◆ Your goal
With the pictures left out, every record must be reproduced exactly.

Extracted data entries
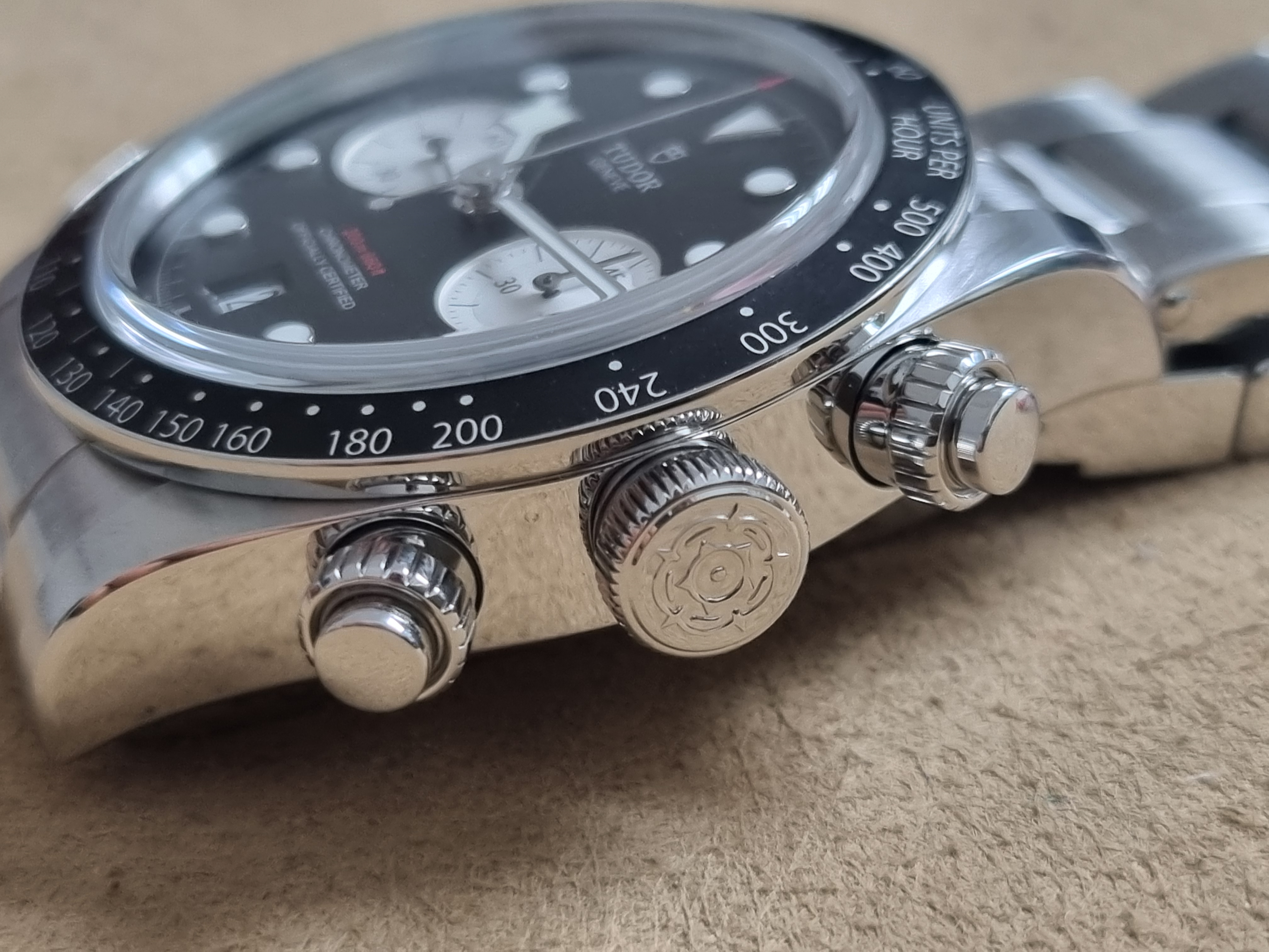 Tudor Black Bay Chrono 79360N Black Dial "Inversed Panda" Like New Box And Card 06 - 2022. M79360N-0011 Black Bay Chrono Manufacture Caliber MT5813 Steel Case, 41 mm Steel Bracelet Watch Specifications Reference: M79360N-0011 Five-Year Warranty Five-Year Warranty, Transferable, No Registration or Mandatory Service Case Steel Case, 41 mm, Polished and Satin Finish Lugs: 22 mm Wide Case Thickness: 14.4 mm Movement Manufacture Caliber MT5813 (COSC) with Chronograph Function Self-winding Mechanical Chronograph Movement with Bidirectional Rotor Power Reserve Approximately 70 hours of power reserve Wind Crown Screw-lock steel winding crown with embossed TUDOR Rose Screw-lock steel pushers at 2 o'clock and 4 Water Resistance Water resistant to 200 meters Bezel Fixed steel bezel with matte black anodized aluminum disc, tachymeter scale, and silvered graduations Dial Black with silvered subdials, domed Date display at 6 o'clock Crystal Domed sapphire crystal Bracelet Three-link steel riveted bracelet, polished and satin-brushed finish, TUDOR "T-fit" clasp with quick-adjust system
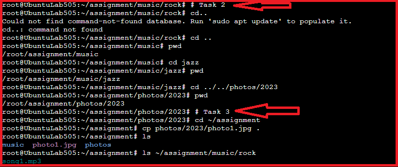 cd ~/assignment/music/rock → navigates directly to the rock folder
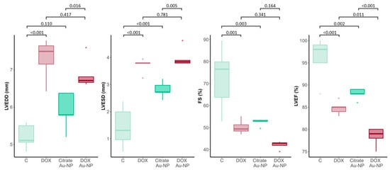We sought to evaluate whether the molecular and ultrastructural changes seen in animals treated with DOX Au-NPs resulted in anatomical and functional damage, as measured by cardiac ultrasound. Both the left ventricular end-diastolic diameter and left ventricular end-systolic dimension were significantly larger in the DOX-treated animals (p < 0.001 for both groups). Similarly, DOX Au-NPs exerted a detrimental effect on cardiac tissue, with both left ventricular end-diastolic diameter and left ventricular end-systolic dimension being significantly increased vs. the citrate Au-NP control (p = 0.016 and p = 0.005, respectively). When comparing the DOX Au-NP-treated animals with those receiving standard DOX, no differences were seen in these parameters. Moreover, this effect was also seen in the case of citrate Au-NPs, with the enlargement of the left ventricular end-systolic dimension reaching statistical significance (p < 0.001). As far as the cardiac function expressed through the ejection fraction is concerned, a significant decrease was seen in the groups receiving DOX and DOX Au-NPs (p < 0.001 for both). Moreover, in the DOX Au-NP group, the ejection fraction values were significantly lower than those seen in the DOX group (p = 0.011) (Figure 5).
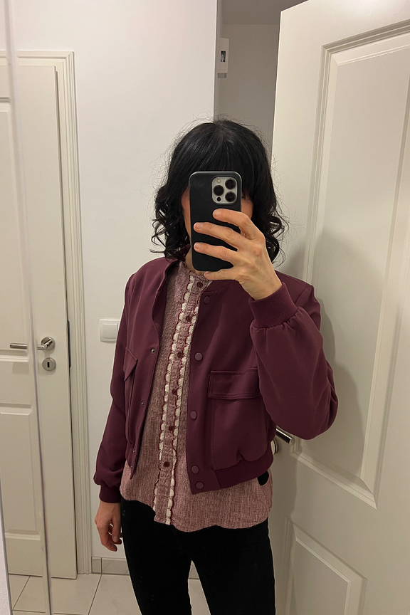 “I loved wearing it. Very nice and comfortable bomber cut. Very pretty color.”
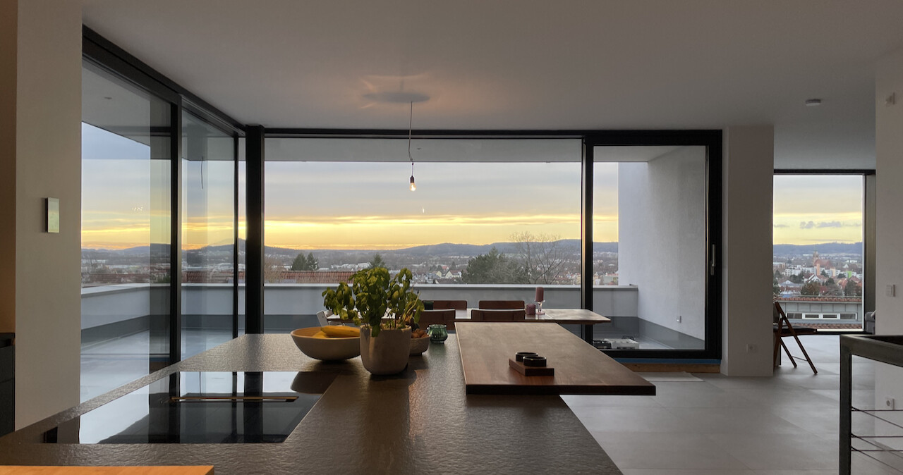 Absolut nicht mein Stil, aber sieht wahnsinnig toll aus. Die Aussicht - mega!! Herzlichen Glückwunsch zu diesem Traumhaus : )

◆ Output
 Tudor Black Bay Chrono 79360N Black Dial "Inversed Panda" Like New Box And Card 06 - 2022. M79360N-0011 Black Bay Chrono Manufacture Caliber MT5813 Steel Case, 41 mm Steel Bracelet Watch Specifications Reference: M79360N-0011 Five-Year Warranty Five-Year Warranty, Transferable, No Registration or Mandatory Service Case Steel Case, 41 mm, Polished and Satin Finish Lugs: 22 mm Wide Case Thickness: 14.4 mm Movement Manufacture Caliber MT5813 (COSC) with Chronograph Function Self-winding Mechanical Chronograph Movement with Bidirectional Rotor Power Reserve Approximately 70 hours of power reserve Wind Crown Screw-lock steel winding crown with embossed TUDOR Rose Screw-lock steel pushers at 2 o'clock and 4 Water Resistance Water resistant to 200 meters Bezel Fixed steel bezel with matte black anodized aluminum disc, tachymeter scale, and silvered graduations Dial Black with silvered subdials, domed Date display at 6 o'clock Crystal Domed sapphire crystal Bracelet Three-link steel riveted bracelet, polished and satin-brushed finish, TUDOR "T-fit" clasp with quick-adjust system
 cd ~/assignment/music/rock → navigates directly to the rock folder
We sought to evaluate whether the molecular and ultrastructural changes seen in animals treated with DOX Au-NPs resulted in anatomical and functional damage, as measured by cardiac ultrasound. Both the left ventricular end-diastolic diameter and left ventricular end-systolic dimension were significantly larger in the DOX-treated animals (p < 0.001 for both groups). Similarly, DOX Au-NPs exerted a detrimental effect on cardiac tissue, with both left ventricular end-diastolic diameter and left ventricular end-systolic dimension being significantly increased vs. the citrate Au-NP control (p = 0.016 and p = 0.005, respectively). When comparing the DOX Au-NP-treated animals with those receiving standard DOX, no differences were seen in these parameters. Moreover, this effect was also seen in the case of citrate Au-NPs, with the enlargement of the left ventricular end-systolic dimension reaching statistical significance (p < 0.001). As far as the cardiac function expressed through the ejection fraction is concerned, a significant decrease was seen in the groups receiving DOX and DOX Au-NPs (p < 0.001 for both). Moreover, in the DOX Au-NP group, the ejection fraction values were significantly lower than those seen in the DOX group (p = 0.011) (Figure 5).
 “I loved wearing it. Very nice and comfortable bomber cut. Very pretty color.”
 Absolut nicht mein Stil, aber sieht wahnsinnig toll aus. Die Aussicht - mega!! Herzlichen Glückwunsch zu diesem Traumhaus : )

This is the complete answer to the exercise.